Experts disagree. With 7,000 princes, the royal family is too strong and too deeply embedded in all aspects of Saudi government for al-Qaeda to threaten it, Murphy says. And, he says, the princes see the country as their family's creation and will not easily give it up. Others say the regime is vulnerable. Al-Qaeda and its sympathizers are "now locked in confrontation with the Saudi regime," in a clash that is "threatening the stability of the House of Saud," Ranstorp says. He says it could end in three ways—the regime could successfully defend itself and remain in power, civil war could break out between different factions within the country, or a new contender who espouses extreme Islam could emerge, perhaps from within the royal family, and take over.
The May 12 Riyadh bombings were a wake-up call, most experts say. Since then, the government has stepped up surveillance of suspected terrorists and conducted a series of raids, uncovering loads of arms caches and arresting more than six hundred suspected militants. The royal family has made efforts to quiet advocates of extremism in mosques and the media and ordered the deletion of passages in school textbooks that criticized non-Muslims. The Saudi government recently announced that the first elections, for municipal councils, would occur within a year, and Crown Prince Abdullah allowed meetings of his consultative council to be televised. Still, some experts say the regime is not doing enough, and Saudi Arabia has been blamed for financing terrorism while simultaneously fighting it.
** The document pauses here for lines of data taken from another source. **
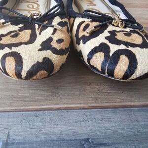 Sam Edelman Felicia Ballet Flats US 7M Leopard Calf Hair Slip-On Bow Classic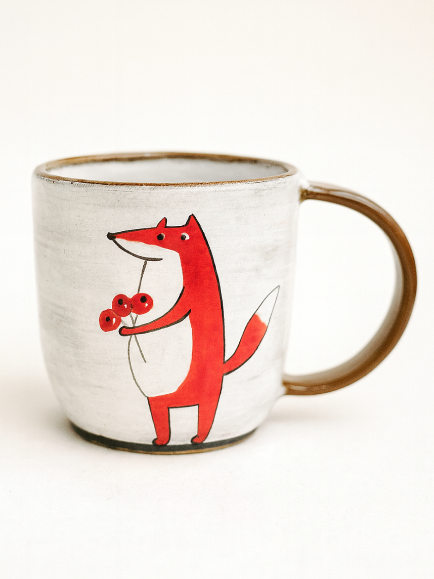 Кружка ручной работы с росписью Лис с брусникой, керамика, 350 мл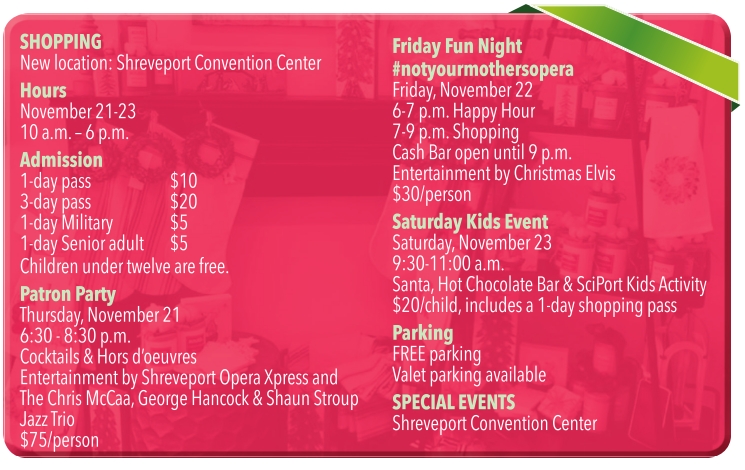 Tickets for three special events are available. A Thursday evening Patron Party will offer cocktails and hors d’oeuvres with entertainment by the Shreveport Opera Xpress (SOX) artists and a jazz trio. Friday Fun Night will feature Christmas Elvis and a signature cocktail at a happy hour-themed #notyourmothersopera. Kids will be treated on Saturday morning to Santa, a SciPort activity and a hot chocolate bar. “Our wide range of merchants and mix of special events will make for a fun-filled time with friends,” added Hardtner, “and can be a great excuse for an overnight trip for out-of-town shoppers, too.”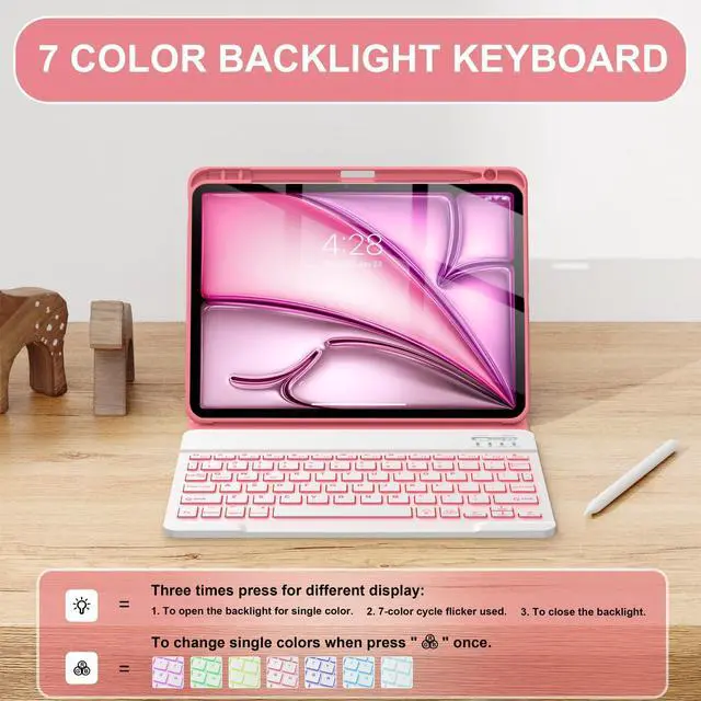 Number: A2316/A2324/A2325/A2072). Not fit any other iPad models ^^ 7-Color Baclit Detachable Keyboard The keyboard for iPad Air 11 inch has 7 backlight colors to change, allowing you to switch to your favorite light color at any time. Magnetic detachable design makes it easier for you to use the keyboard ^^ Rechargeable Battery With a large battery capacity for long time use. Keyboard will be fully charged around 3-4 hours for the iPad Air 11/Air 5/Air 4.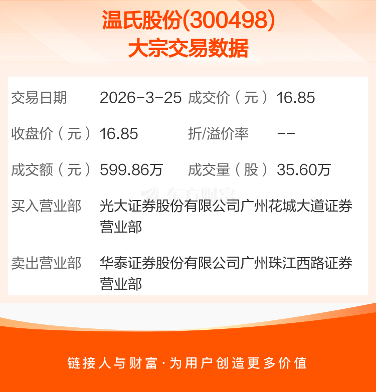 2026年3月25日,温氏股份发生1笔大宗交易,共成交35.60万股,成交金额599.86万元。
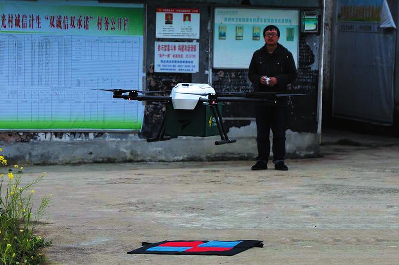 日前,贵州省清镇市卫城镇某快递企业起用智能无人机进行投递工作,投递员只需把邮件装载和取出,同时扫描无人机机身二维码发送起飞指令,就可使其自主起飞并降落到指定地点,整个过程受设置在浙江杭州的后台操控。据悉,无人机投递工作目前主要试用在当地的5个边远乡村,送件效率从过去的一天时间,减少到一小时。中新社供图

A large proportion of the funds that support al-Qaeda and other terror groups comes from within Saudi Arabia, many experts say, though not directly from Saudi leaders. "For years, individuals and charities based in Saudi Arabia have been the most important source of funds for al-Qaeda; and for years, Saudi officials have turned a blind eye to this problem," a Council on Foreign Relations independent task force report said. "Saudis fund al-Qaeda and are being attacked by al-Qaeda. They seem mutually exclusive but they're not," Levitt says. Much of the Saudi money may have been funneled to terrorism unknowingly, according to experts, because terror groups collect funds under the guise of Islamic charities and schools. The government agreed to cooperate with FBI and Internal Revenue Service investigations of Saudi terror funding, but Levitt says the U.S. investigators have not received access to all the documents they need.
The regime can take several important steps, experts say. These include moving aggressively to investigate and curb terrorist financing and monitor Saudi charities; reforming the education system so that Saudis graduate with more than a degree in Islamic law and are equipped to enter the global economy; and cooperating with foreign governments in the U.S.-led war on terror. The government must also continue to pursue political reforms and promote the moderate voice of Islam within the kingdom, experts say.